Action item
Exact copy, no pictures: return only the lines below from the line with "In the above" up to and including the line with "圖:舉國旗在莫斯科歡奔 2001年07月14日 07:26".

Records provided

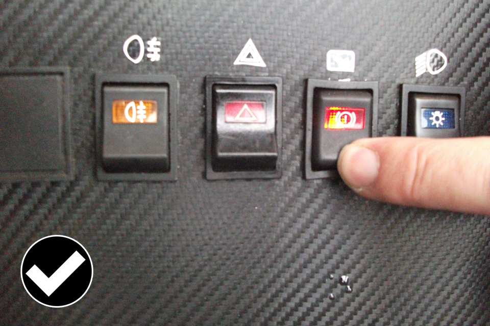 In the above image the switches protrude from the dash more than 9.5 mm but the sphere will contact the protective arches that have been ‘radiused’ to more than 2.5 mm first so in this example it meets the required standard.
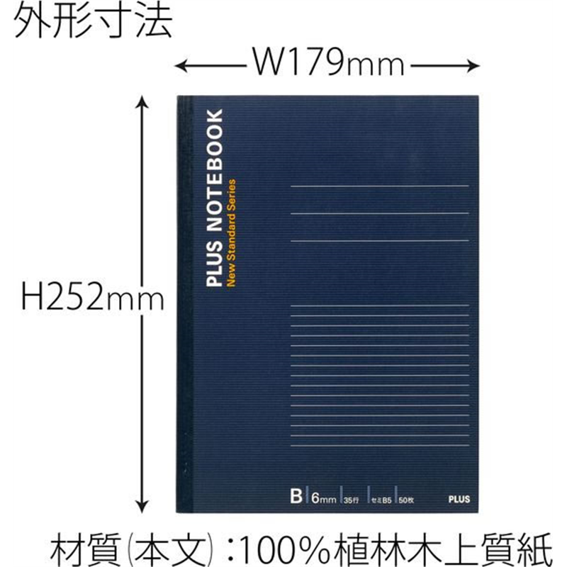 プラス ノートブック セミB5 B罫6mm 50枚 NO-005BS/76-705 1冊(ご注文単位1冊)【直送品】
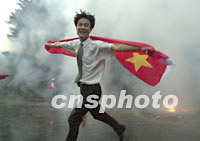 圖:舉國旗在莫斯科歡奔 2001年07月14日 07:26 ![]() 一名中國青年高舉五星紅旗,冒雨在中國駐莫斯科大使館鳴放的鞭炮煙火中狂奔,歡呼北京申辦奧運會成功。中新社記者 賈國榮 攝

---

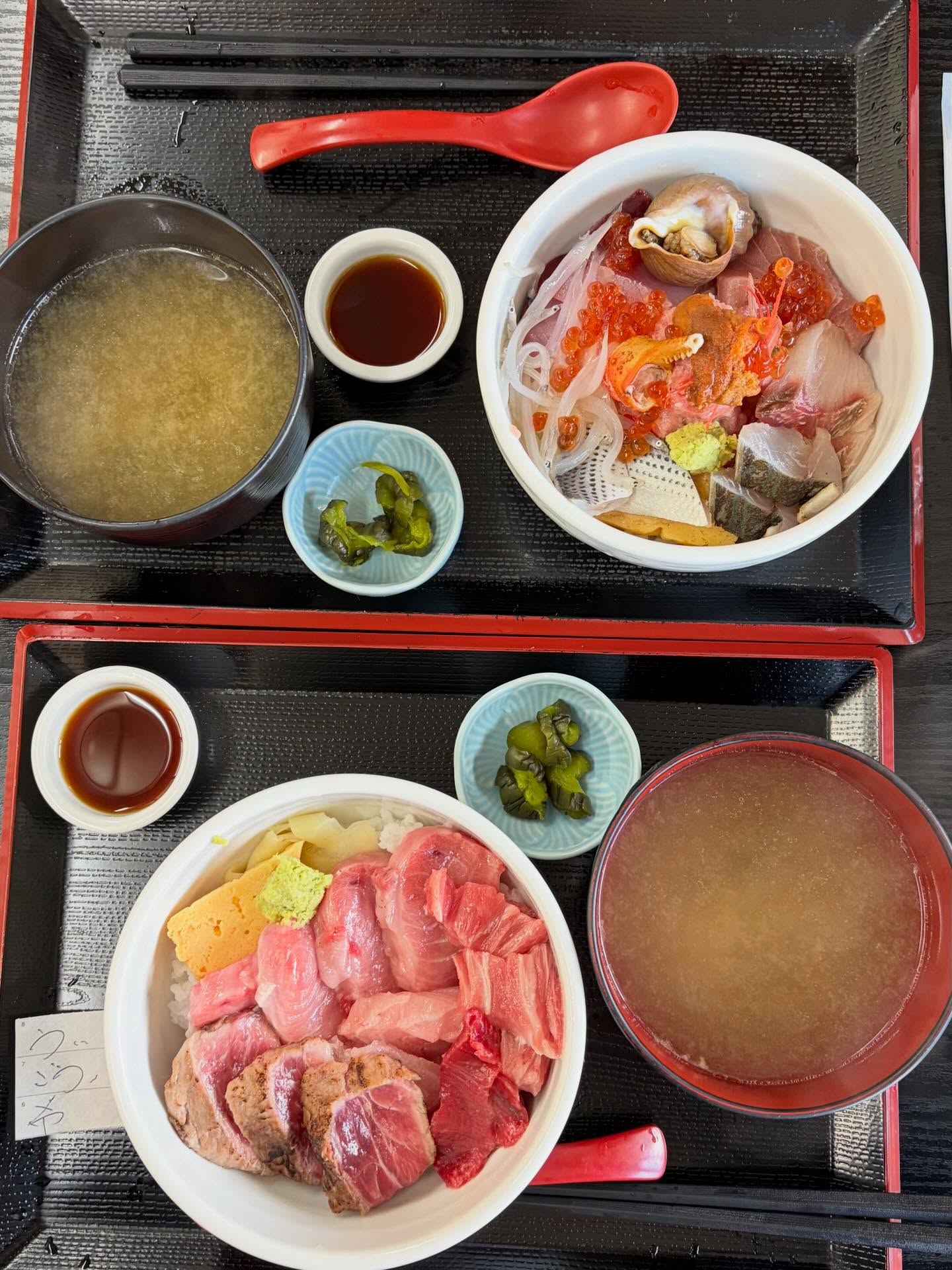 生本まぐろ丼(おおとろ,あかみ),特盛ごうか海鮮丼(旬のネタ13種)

Response box
 In the above image the switches protrude from the dash more than 9.5 mm but the sphere will contact the protective arches that have been ‘radiused’ to more than 2.5 mm first so in this example it meets the required standard.
 プラス ノートブック セミB5 B罫6mm 50枚 NO-005BS/76-705 1冊(ご注文単位1冊)【直送品】
 圖:舉國旗在莫斯科歡奔 2001年07月14日 07:26 ![]() 一名中國青年高舉五星紅旗,冒雨在中國駐莫斯科大使館鳴放的鞭炮煙火中狂奔,歡呼北京申辦奧運會成功。中新社記者 賈國榮 攝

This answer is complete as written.